22/3 – 19/4 2019
Our conscious actions are just a drop in the ocean of unconscious processes that we do not control or recognize, that we fear and misinterpret. The nervous system and the functioning of our brain create a restless type of human consciousness that is universally shared by all of mankind. The specific, original content of the mind of the individual is something else altogether – our thoughts, memories, and imagination… our creativity and how it is expressed. Generally speaking, creative abilities show a willingness to push the boundaries and break the rules. In the case of Jan Turner (*1971), this willingness is reflected by the sky-high optimism with which, in his most recent exhibition, he tackles constants such as the flow of time and the laws of logic or probability. In his surprising and original works of art, Turner tries nothing less than to change our entire universe for the better. His (quite consciously) chosen instrument for this difficult task is a stick – specifically, pieces of rotting wood.

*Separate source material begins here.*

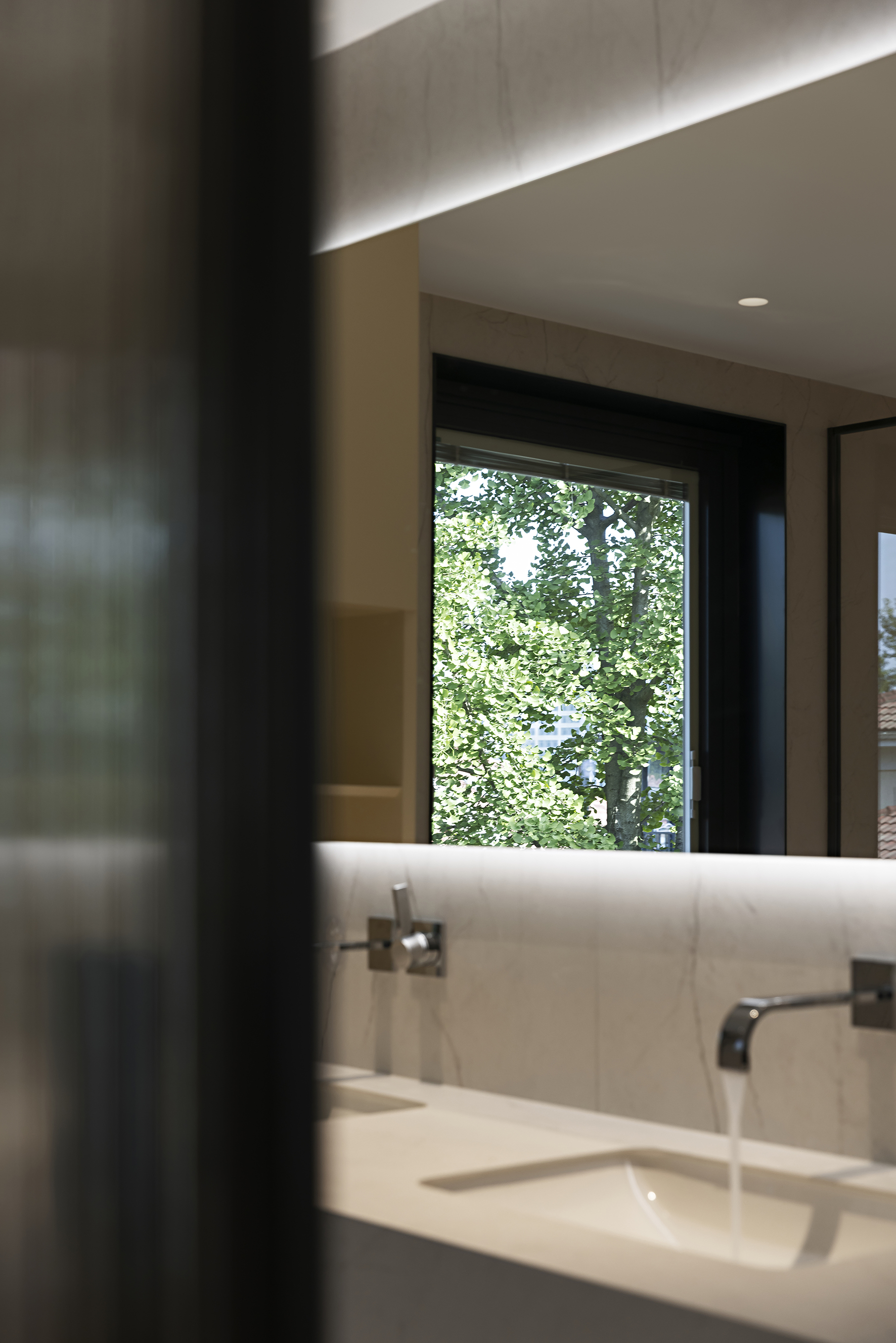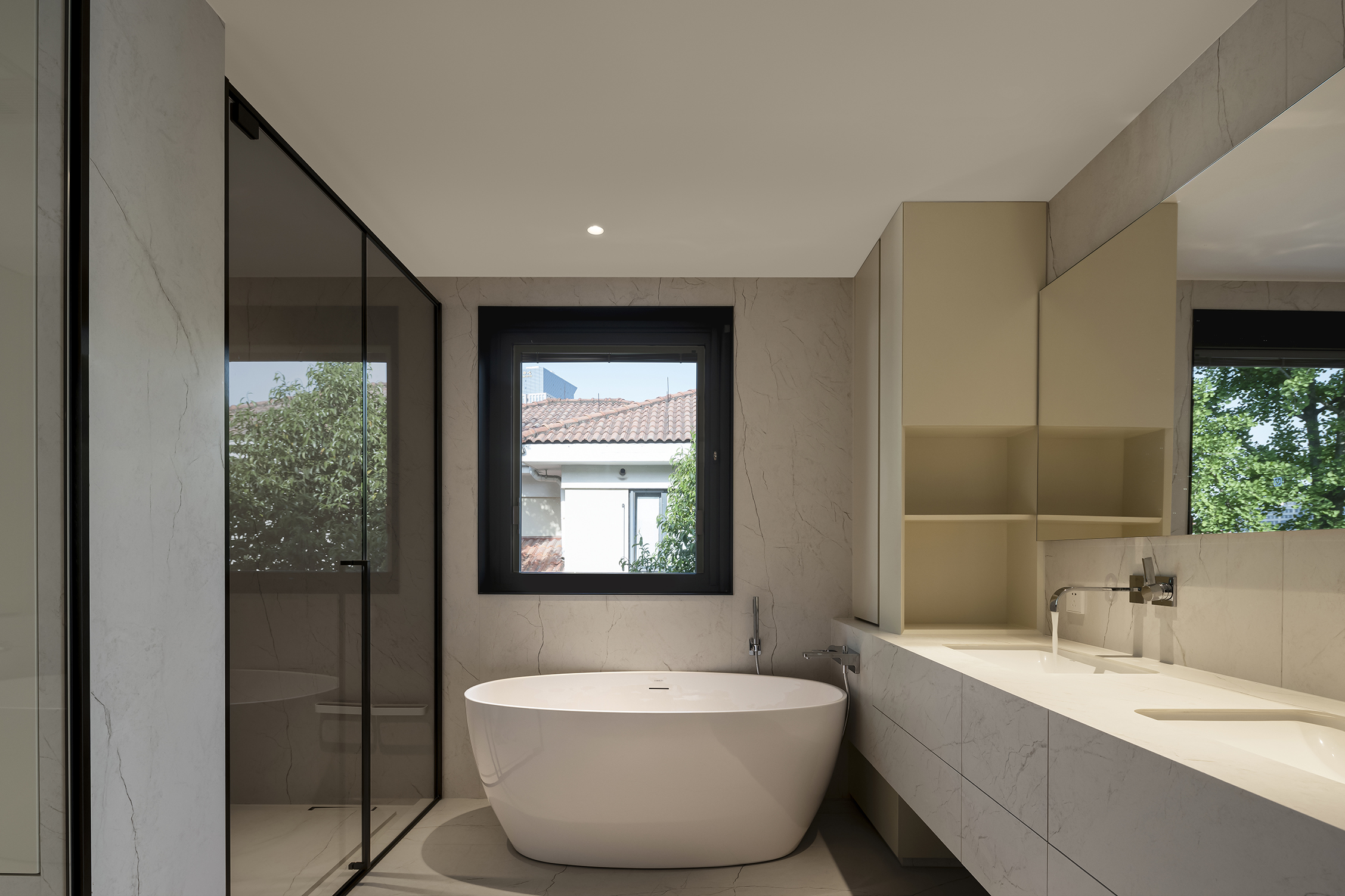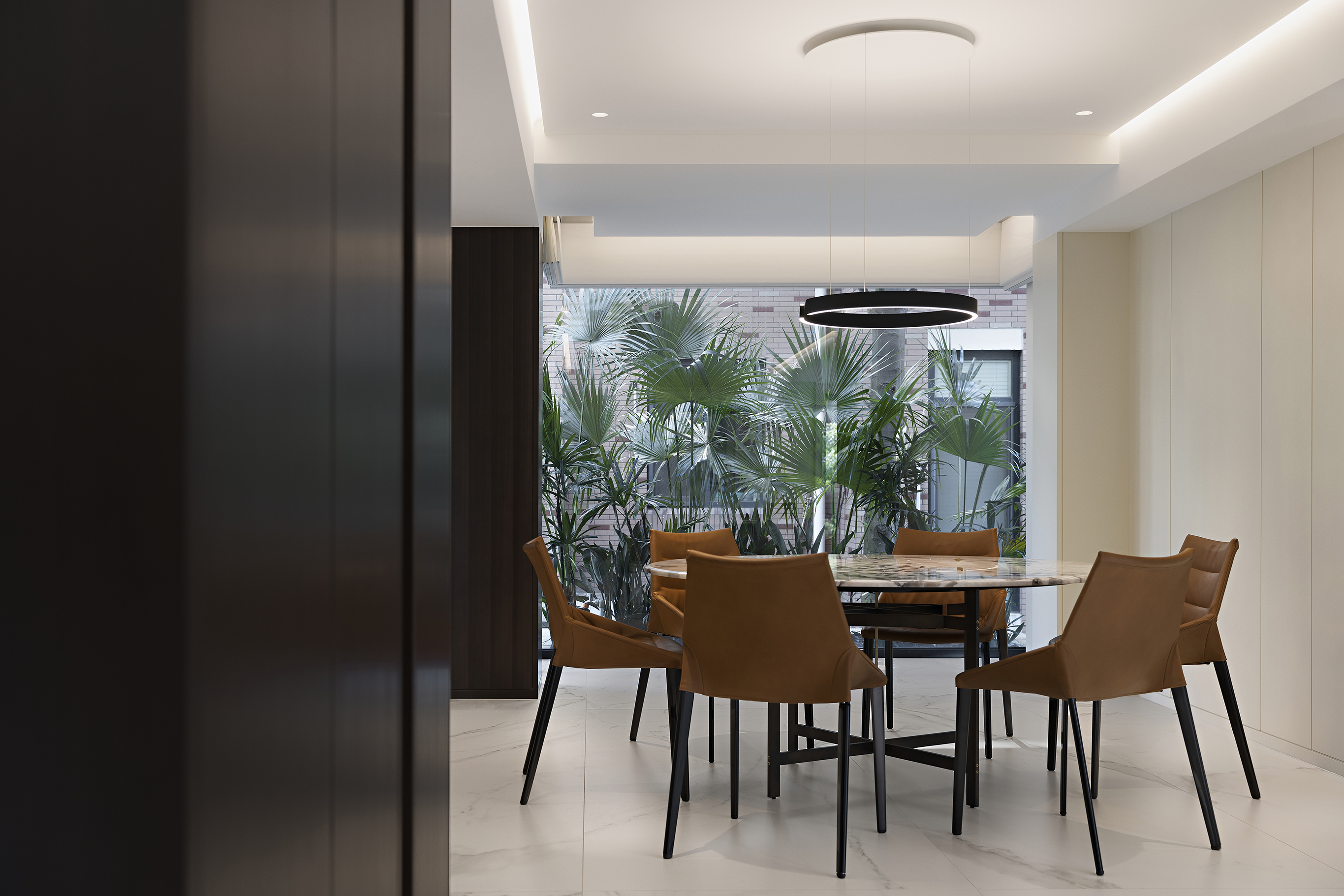 去风格化,通过大面积的通透玻璃将自然光线引室内,享受早晚、感受四季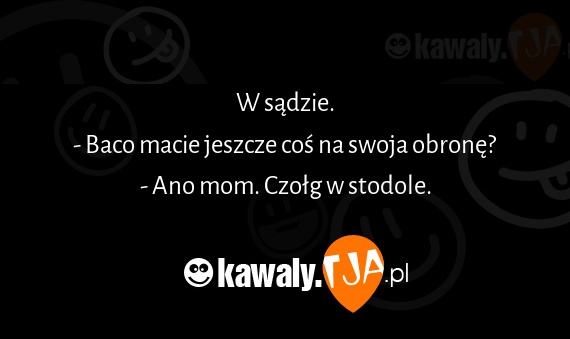 W sądzie. - Baco macie jeszcze coś na swoja obronę? - Ano mom. Czołg w stodole.

The stump symbolizes that part of reality that we try to deny or suppress, that unsettles us in its ambiguity and its unclear functions, and from which we generally avert our eyes. It is a disfigured and dysfunctional part of the body, an evolutionary dead end (which basically is the great majority of them). On a broader level, it contains something like the reified essence of uselessness, ruin, and oblivion. With just a simple change of perspective, however, things that seem entirely inconsequential may prove to be of absolutely fundamental importance: Despite everything, the stump is an integral part of reality without which our lives and our image of the world around us are incomplete. This deficit is the rudimentary source of the many conflicts and misunderstandings that have accompanied our species throughout history and that influence the life of each and every individual – including on the personal level, through the discord and conflict that we carry within us and that we experience with one another, face-to-face with the reality in which we are forced to exist.
In these works, Turner – who has never compromised the maximalist demands he places on artistic production as a means for the ongoing transformation of the viewer and himself, and who, perhaps precisely for this reason, has existed more on the margins of art-going public’s interest – takes on the role of a kind of family doctor attempting to cure and heal a deep gaping wound in our picture of reality. With touching meticulousness, making use even of pleasantly decorative tendencies, he reintegrates what had been suppressed and reconciles extreme opposites. He shows us the self-importance and limits of our pragmatic way of thinking, and the frailty of our categorical judgments of a world in which we cannot find peace and happiness if we merely cut it with the knife of our prejudices and pseudo-universal dualistic concepts.